§ Exercise objective
Please copy every record below exactly, but leave the pictures out.

Entries taken from a collection:

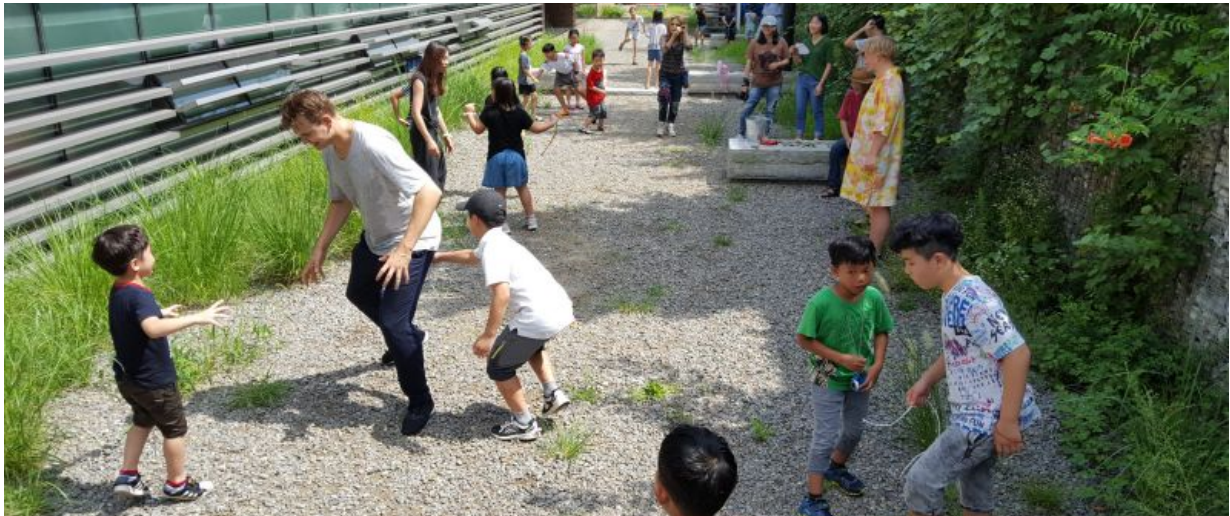
서서울호수공원 다목적실 뒤편('17년 예술로 놀이터 운영 사진)
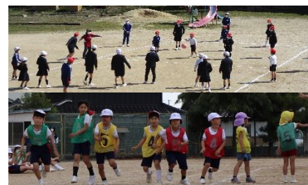
クラブ活動・リレー集会

基本的な生活習慣を身に付け、メディアコントロールができるように指導しています。また、体育の時間や休み時間を有効に活用して、体力の向上を目指しています。
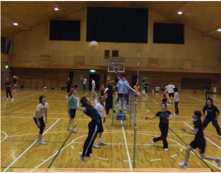
親子、隣人みんな楽しくジャンプ、アタック!!

住民のスポーツ振興を図るために、今年度から各町内会選出の体育委員の皆様に参加の取りまとめをお願いしました。参加チームは、25 町内会中 8 町内会 9 チームでした。参加された方々は、久しぶりにいい汗をかかれ楽しそうでした。
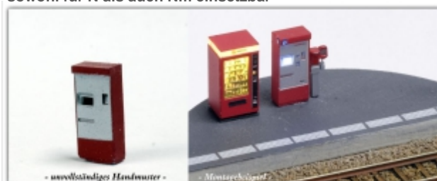
Nm-Y00322: RhB Fahrkartenautomat, fertig lackiert, beleuchtet, 3D-Druckteil, Spuren Nm oder N

Fahrkartenautomat der Rhätischen Bahn, wie er auf jedem Bahnhof der RhB anzutreffen ist detailliertes Fertigmodell mit LED-Beleuchtung sowohl für N als auch Nm einsetzbar
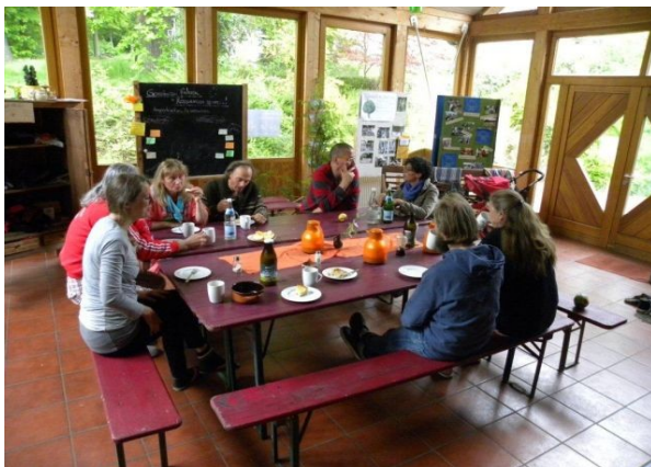
Seminarpause bei den GASTWERKEN
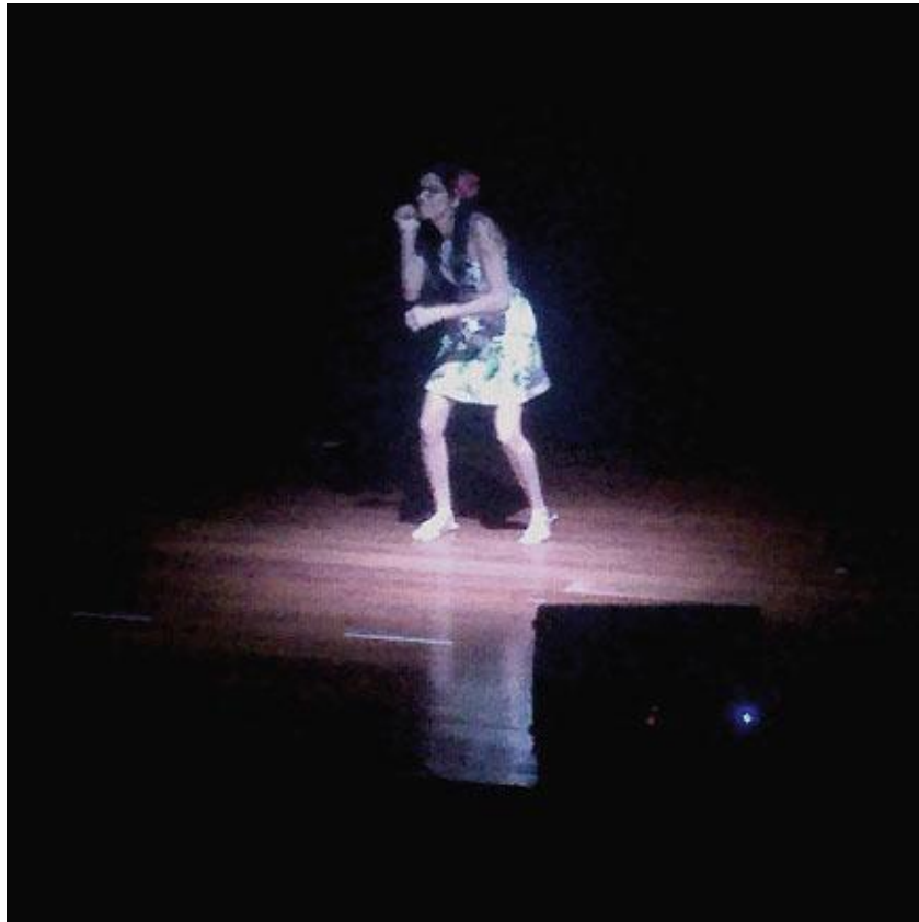
Mãos que cantam (Brumado)

§ Exercise output
서서울호수공원 다목적실 뒤편('17년 예술로 놀이터 운영 사진)
クラブ活動・リレー集会

基本的な生活習慣を身に付け、メディアコントロールができるように指導しています。また、体育の時間や休み時間を有効に活用して、体力の向上を目指しています。
親子、隣人みんな楽しくジャンプ、アタック!!

住民のスポーツ振興を図るために、今年度から各町内会選出の体育委員の皆様に参加の取りまとめをお願いしました。参加チームは、25 町内会中 8 町内会 9 チームでした。参加された方々は、久しぶりにいい汗をかかれ楽しそうでした。
Nm-Y00322: RhB Fahrkartenautomat, fertig lackiert, beleuchtet, 3D-Druckteil, Spuren Nm oder N

Fahrkartenautomat der Rhätischen Bahn, wie er auf jedem Bahnhof der RhB anzutreffen ist detailliertes Fertigmodell mit LED-Beleuchtung sowohl für N als auch Nm einsetzbar
Seminarpause bei den GASTWERKEN
Mãos que cantam (Brumado)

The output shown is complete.